◆ **MATERIAL SHOWN**
━━━━━━━━━━━━━━━━━━━━
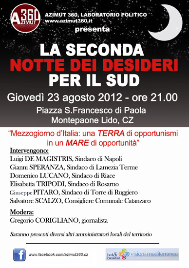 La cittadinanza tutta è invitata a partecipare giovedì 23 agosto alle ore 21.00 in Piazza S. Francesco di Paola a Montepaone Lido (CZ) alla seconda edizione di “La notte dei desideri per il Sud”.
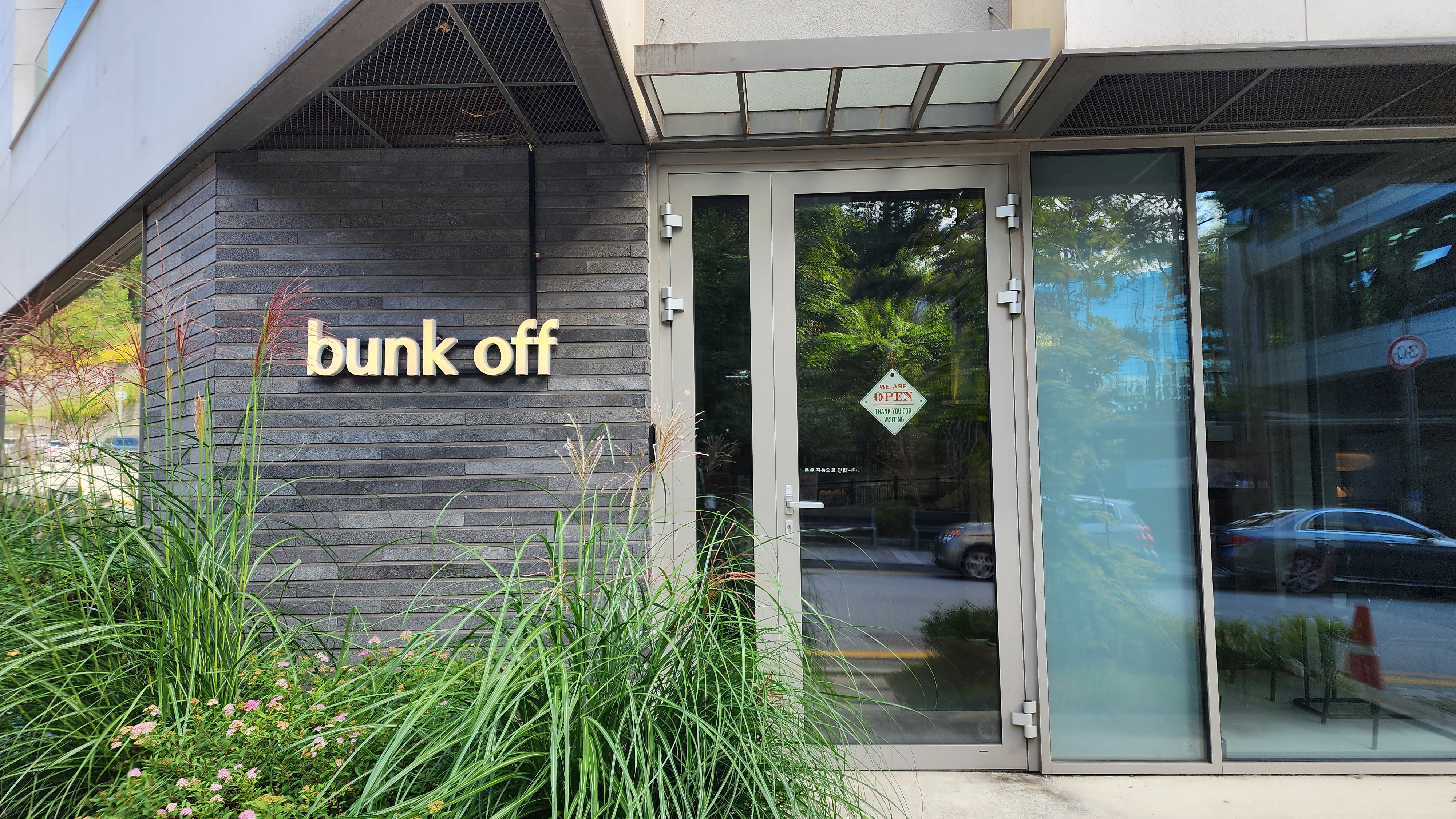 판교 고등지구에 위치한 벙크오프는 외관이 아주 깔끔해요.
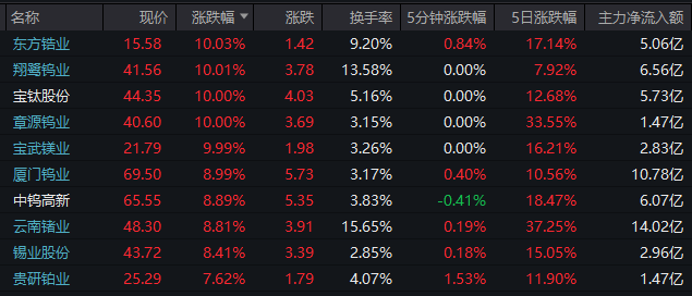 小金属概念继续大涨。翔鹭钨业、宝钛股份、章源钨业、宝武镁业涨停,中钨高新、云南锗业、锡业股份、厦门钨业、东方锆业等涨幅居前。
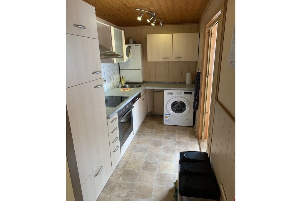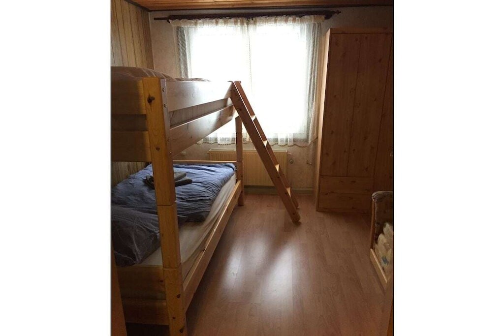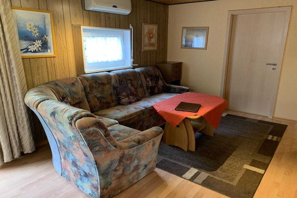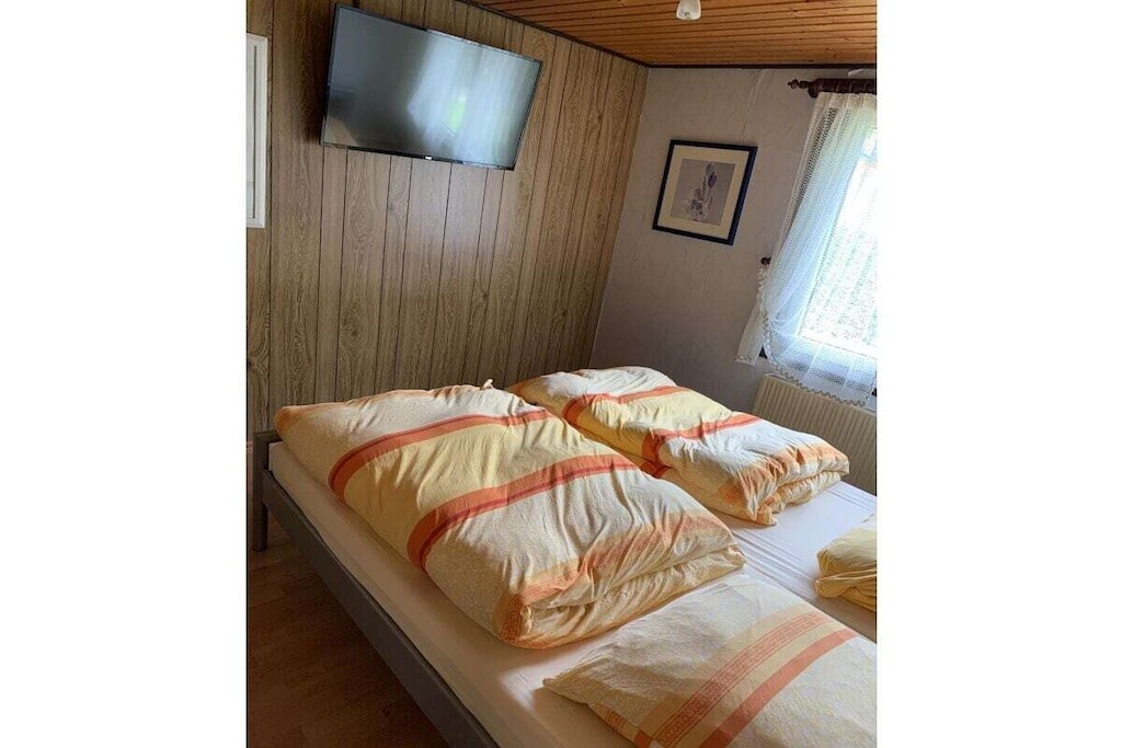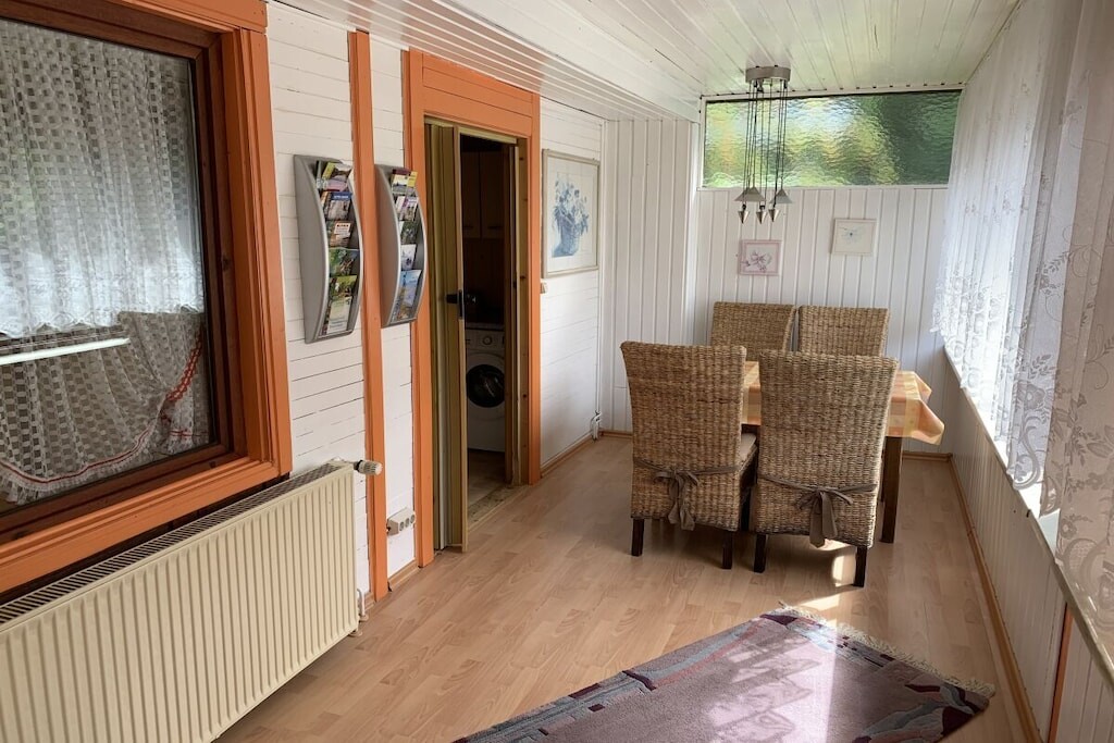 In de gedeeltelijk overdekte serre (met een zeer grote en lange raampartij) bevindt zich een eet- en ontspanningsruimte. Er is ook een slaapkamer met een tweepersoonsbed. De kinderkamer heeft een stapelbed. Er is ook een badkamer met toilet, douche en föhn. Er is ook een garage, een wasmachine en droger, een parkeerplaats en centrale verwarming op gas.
━━━━━━━━━━━━━━━━━━━━
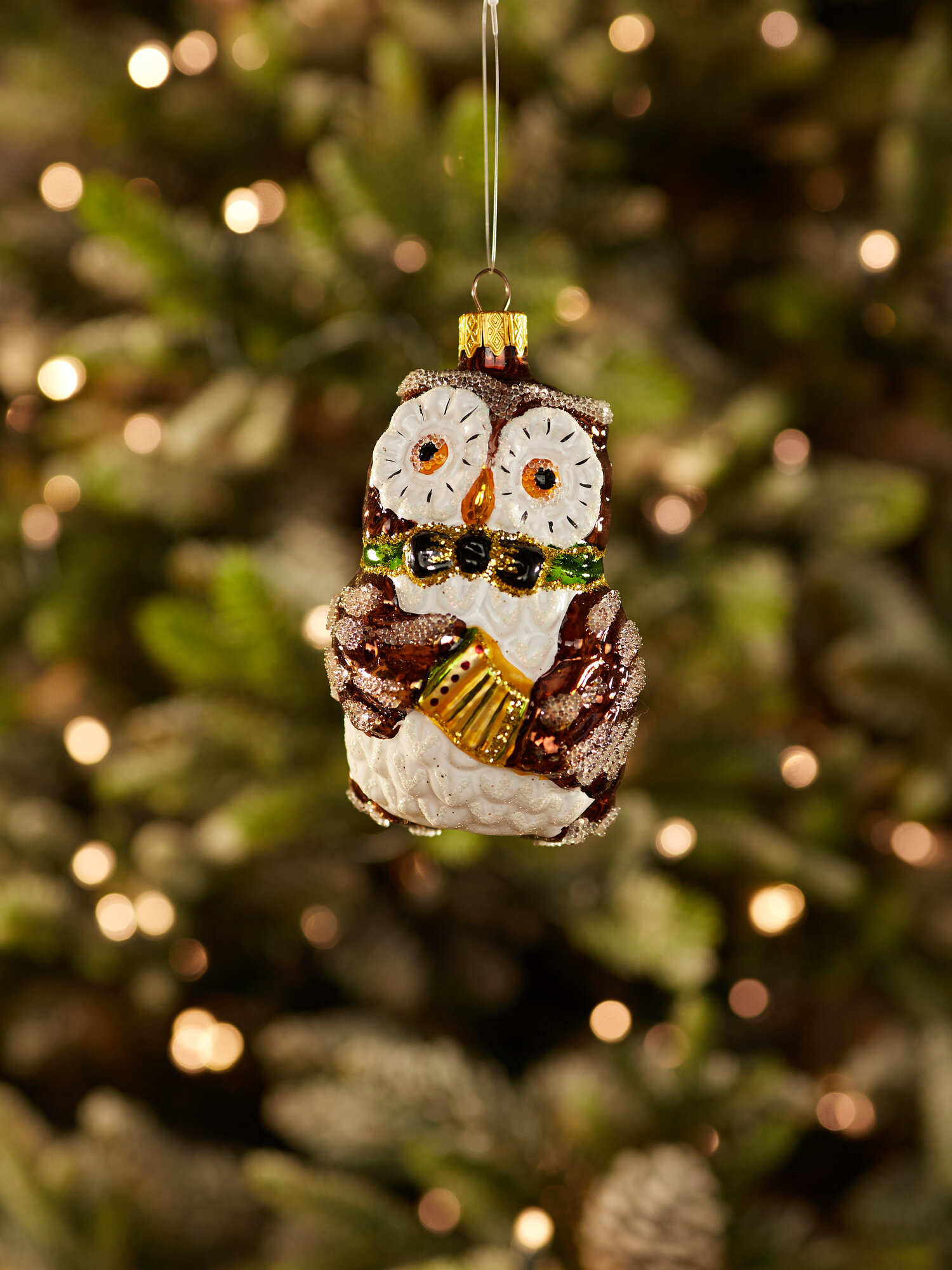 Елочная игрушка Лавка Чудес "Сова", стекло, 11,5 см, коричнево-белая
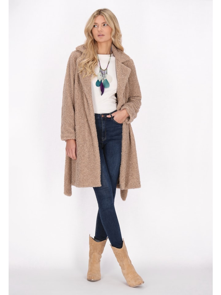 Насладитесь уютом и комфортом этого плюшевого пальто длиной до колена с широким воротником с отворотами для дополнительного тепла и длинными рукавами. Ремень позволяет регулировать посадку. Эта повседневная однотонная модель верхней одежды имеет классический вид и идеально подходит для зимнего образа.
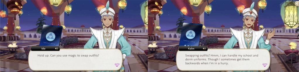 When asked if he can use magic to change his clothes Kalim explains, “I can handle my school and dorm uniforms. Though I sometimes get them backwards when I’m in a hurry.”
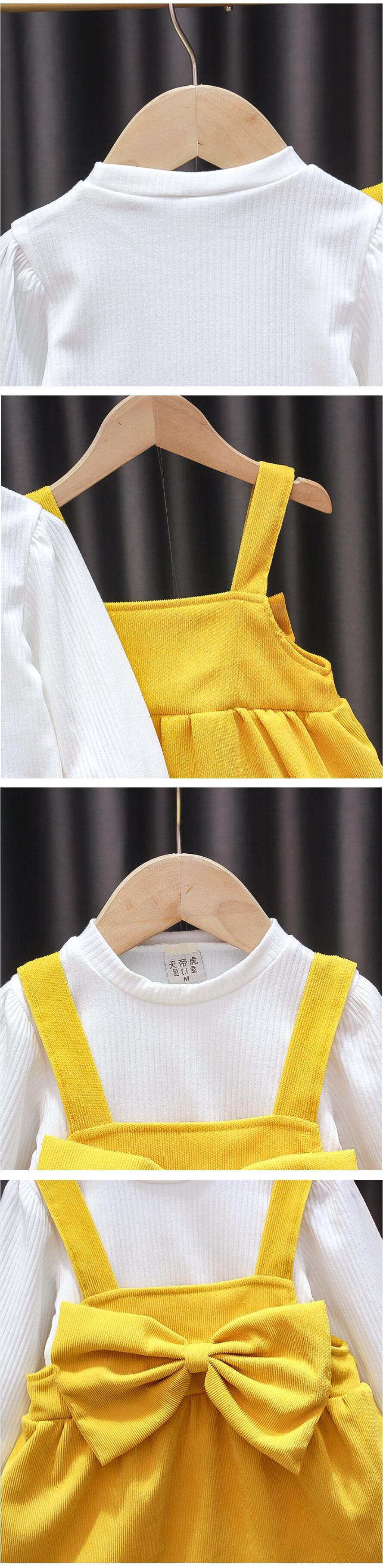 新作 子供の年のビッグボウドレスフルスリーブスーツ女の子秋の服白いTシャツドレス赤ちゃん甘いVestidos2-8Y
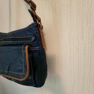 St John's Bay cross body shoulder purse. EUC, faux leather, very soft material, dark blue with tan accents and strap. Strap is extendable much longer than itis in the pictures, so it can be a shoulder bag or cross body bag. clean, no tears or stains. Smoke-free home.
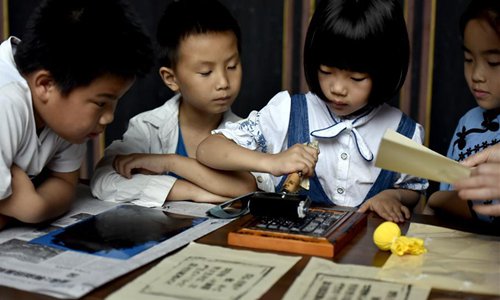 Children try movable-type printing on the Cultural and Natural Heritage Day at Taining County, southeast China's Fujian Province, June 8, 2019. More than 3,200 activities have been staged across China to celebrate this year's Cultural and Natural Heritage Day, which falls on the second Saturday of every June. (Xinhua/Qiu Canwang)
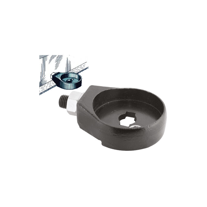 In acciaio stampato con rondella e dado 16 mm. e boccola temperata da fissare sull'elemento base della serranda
━━━━━━━━━━━━━━━━━━━━
◆ **WHAT IS NEEDED**
Copy exactly the material above from the line with "Елочная игрушка Лавка" to the line with "In acciaio stampato", ends included, and nothing else. Leave out any picture.

◆ **TASK RESULT**
 Елочная игрушка Лавка Чудес "Сова", стекло, 11,5 см, коричнево-белая
 Насладитесь уютом и комфортом этого плюшевого пальто длиной до колена с широким воротником с отворотами для дополнительного тепла и длинными рукавами. Ремень позволяет регулировать посадку. Эта повседневная однотонная модель верхней одежды имеет классический вид и идеально подходит для зимнего образа.
 When asked if he can use magic to change his clothes Kalim explains, “I can handle my school and dorm uniforms. Though I sometimes get them backwards when I’m in a hurry.”
 新作 子供の年のビッグボウドレスフルスリーブスーツ女の子秋の服白いTシャツドレス赤ちゃん甘いVestidos2-8Y
 St John's Bay cross body shoulder purse. EUC, faux leather, very soft material, dark blue with tan accents and strap. Strap is extendable much longer than itis in the pictures, so it can be a shoulder bag or cross body bag. clean, no tears or stains. Smoke-free home.
 Children try movable-type printing on the Cultural and Natural Heritage Day at Taining County, southeast China's Fujian Province, June 8, 2019. More than 3,200 activities have been staged across China to celebrate this year's Cultural and Natural Heritage Day, which falls on the second Saturday of every June. (Xinhua/Qiu Canwang)
 In acciaio stampato con rondella e dado 16 mm. e boccola temperata da fissare sull'elemento base della serranda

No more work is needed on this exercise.